Five additional songs performed would appear one year later on the landmark album Harvest (though there are noticeable differences in the lyrics to "A Man Needs a Maid"). One song, "Bad Fog of Loneliness", makes its first appearance with this release. The remaining four songs were included on several of Young's subsequent 1970s albums: "Love in Mind" and "Journey Through the Past" appeared on the 1973 live album Time Fades Away; "See the Sky About to Rain" was released in a different arrangement on the 1974 album On the Beach; and "Dance Dance Dance" appeared on Crazy Horse's February 1971 debut album, and was rewritten with new lyrics for the 1977 compilation album Decade as "Love Is a Rose". The reworked version later became a hit for Linda Ronstadt.
Many of the songs appear in a form that virtually duplicates live takes found on other albums. "Cowgirl in the Sand", "Don't Let It Bring You Down", and "Down By the River" are unchanged from the versions that appear on 4 Way Street. "Journey Through the Past" and "Love in Mind" are similar to the performances found on Time Fades Away. "The Needle and the Damage Done" appeared as a live track on the studio album Harvest.
The concert at Massey Hall was not filmed.

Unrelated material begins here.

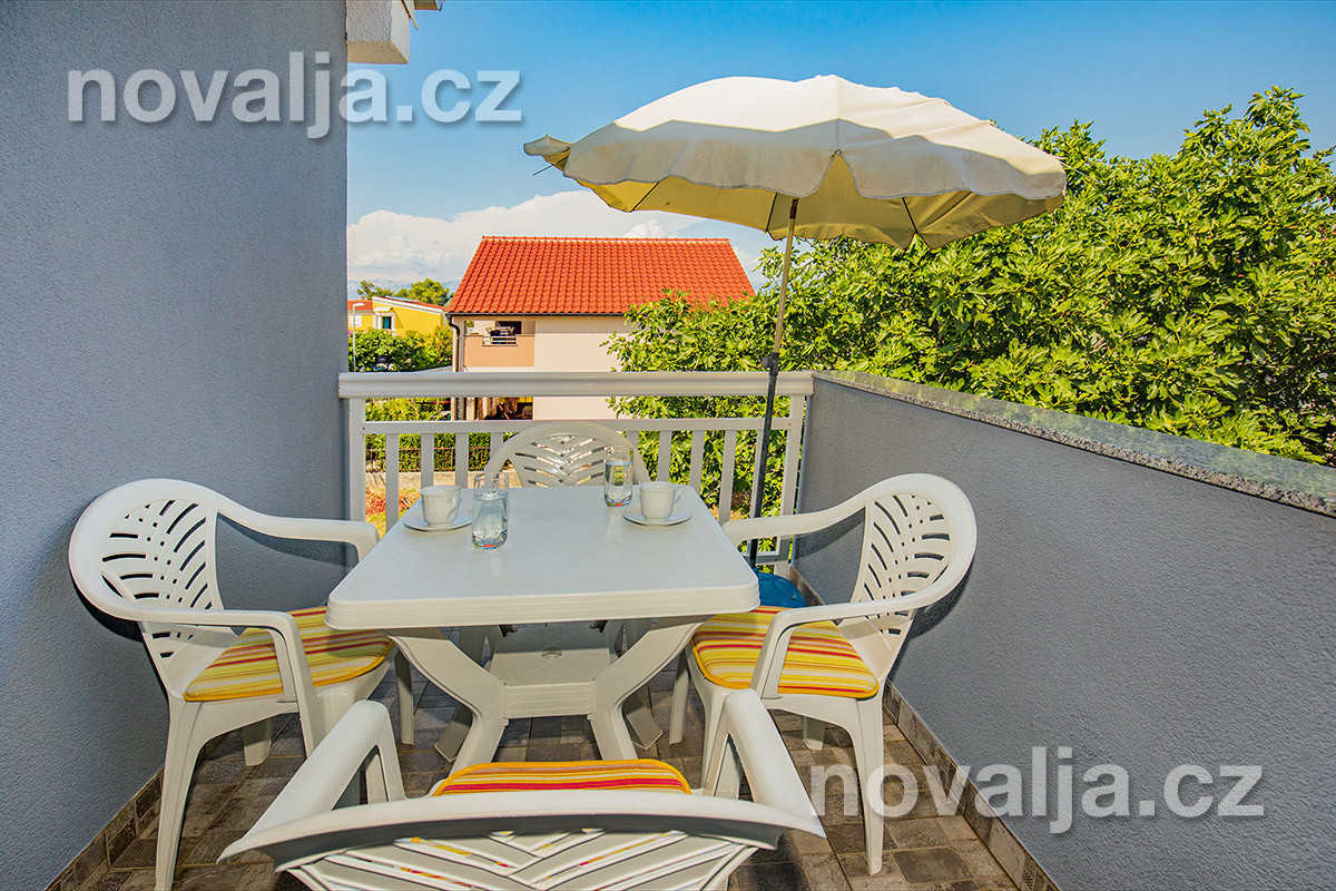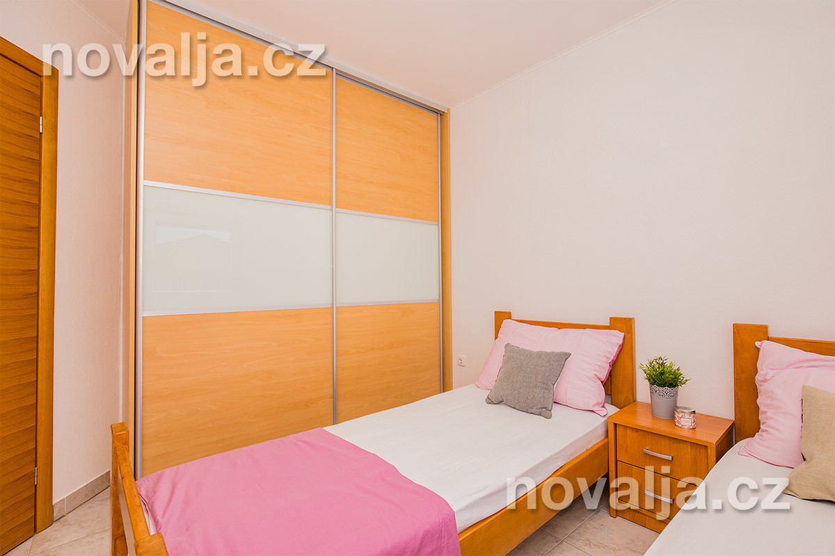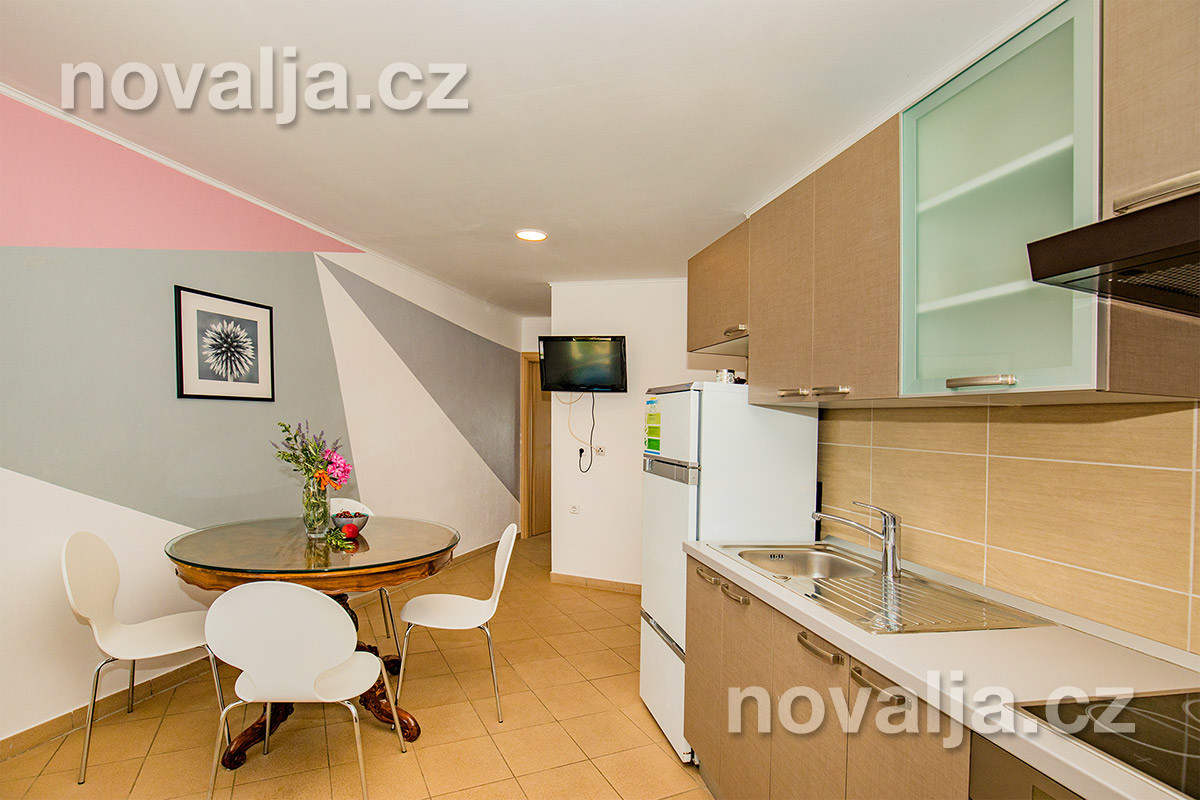 1 ložnice se dvěma lůžky, vybavená kuchyň (lednička, mrazák, trouba, mikrovlnná trouba, varná konvice) s rozkládacím gaučem (200 x 160 cm) pro 1-2 osoby (buď 2 děti do 12 let, nebo jen 1 osoba starší 12 let), TV+SAT, sociální zařízení se sprchovým koutem a WC, balkón se slunečníkem (částečný výhled na moře). Klimatizace v kuchyni (v ceně).

Instead, the footage used for the DVD release, featuring Young performing a number of tracks, was sourced from a performance at the Shakespeare Theatre in Stratford, Connecticut, three days later, with the Massey Hall audio dubbed on top. The footage was filmed for a 1971 TV documentary by Dutch documentary filmmaker Wim van der Linden, which was never broadcast in The Netherlands but was in Germany, with the German title Swing in mit Neil Young. Where there was a lack of video performances of certain songs, footage of the reel-to-reel tape recorder used onstage fills the screen instead.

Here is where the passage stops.